**INSTRUCTIONS TO FOLLOW:**
The output should be the listing below, limited to the lines from the one with "56 négyzetméteres alapterületén" through the one with "La serpiente Tsuchinoko", exact and without pictures.
Start of ENTRIES SHOWN
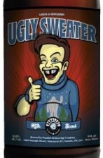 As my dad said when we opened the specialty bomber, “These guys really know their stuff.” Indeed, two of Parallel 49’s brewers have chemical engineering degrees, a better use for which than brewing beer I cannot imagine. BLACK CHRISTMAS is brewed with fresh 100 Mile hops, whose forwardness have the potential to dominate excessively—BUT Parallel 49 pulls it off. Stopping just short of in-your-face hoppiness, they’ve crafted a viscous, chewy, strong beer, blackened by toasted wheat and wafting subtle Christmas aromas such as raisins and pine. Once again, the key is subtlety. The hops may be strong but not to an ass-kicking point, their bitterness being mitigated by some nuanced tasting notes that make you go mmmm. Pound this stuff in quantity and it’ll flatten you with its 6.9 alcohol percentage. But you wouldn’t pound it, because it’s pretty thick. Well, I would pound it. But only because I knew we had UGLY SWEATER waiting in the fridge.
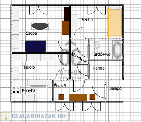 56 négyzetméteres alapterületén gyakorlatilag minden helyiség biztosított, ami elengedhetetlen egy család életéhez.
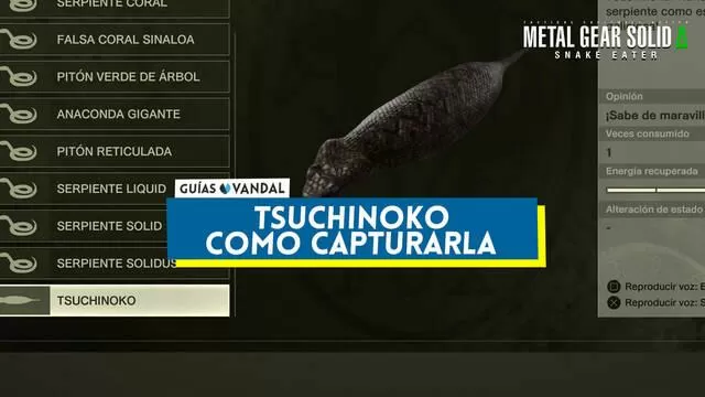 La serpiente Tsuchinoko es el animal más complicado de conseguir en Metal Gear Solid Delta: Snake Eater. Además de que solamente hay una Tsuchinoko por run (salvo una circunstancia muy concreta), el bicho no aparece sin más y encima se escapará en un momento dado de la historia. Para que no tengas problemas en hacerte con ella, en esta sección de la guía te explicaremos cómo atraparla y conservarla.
End of ENTRIES SHOWN
Start of ENTRIES SHOWN
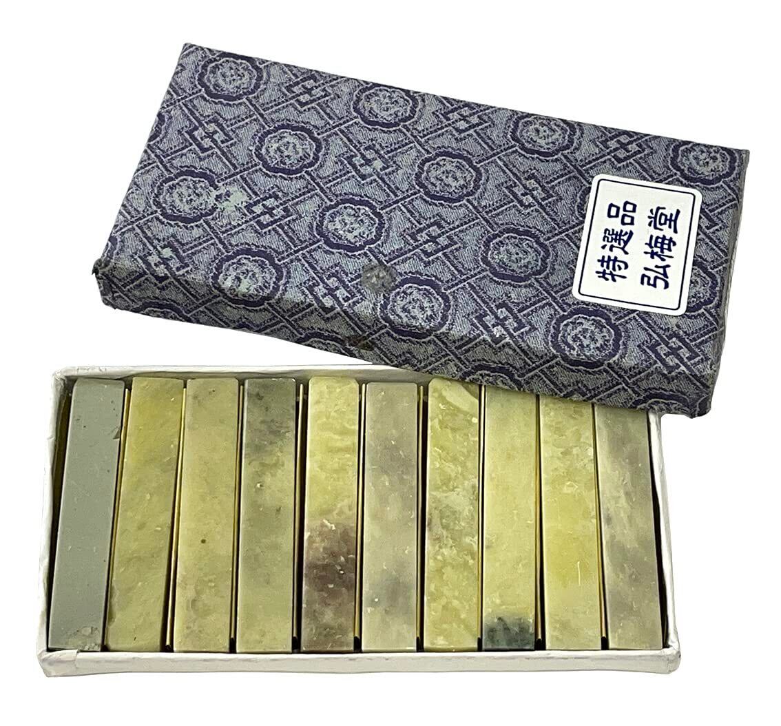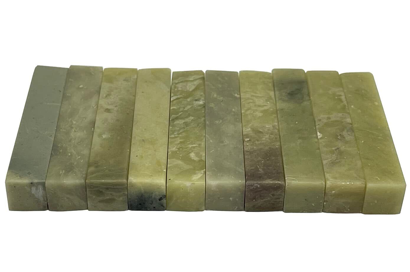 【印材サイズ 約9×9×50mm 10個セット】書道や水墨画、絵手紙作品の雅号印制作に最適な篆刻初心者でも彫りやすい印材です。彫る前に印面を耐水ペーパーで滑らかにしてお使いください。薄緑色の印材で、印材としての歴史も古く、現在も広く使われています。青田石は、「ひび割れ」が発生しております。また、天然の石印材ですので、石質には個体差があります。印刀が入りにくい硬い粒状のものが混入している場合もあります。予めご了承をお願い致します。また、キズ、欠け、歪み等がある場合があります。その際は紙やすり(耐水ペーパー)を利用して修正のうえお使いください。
End of ENTRIES SHOWN
**TASK RESPONSE:**
 56 négyzetméteres alapterületén gyakorlatilag minden helyiség biztosított, ami elengedhetetlen egy család életéhez.
 La serpiente Tsuchinoko es el animal más complicado de conseguir en Metal Gear Solid Delta: Snake Eater. Además de que solamente hay una Tsuchinoko por run (salvo una circunstancia muy concreta), el bicho no aparece sin más y encima se escapará en un momento dado de la historia. Para que no tengas problemas en hacerte con ella, en esta sección de la guía te explicaremos cómo atraparla y conservarla.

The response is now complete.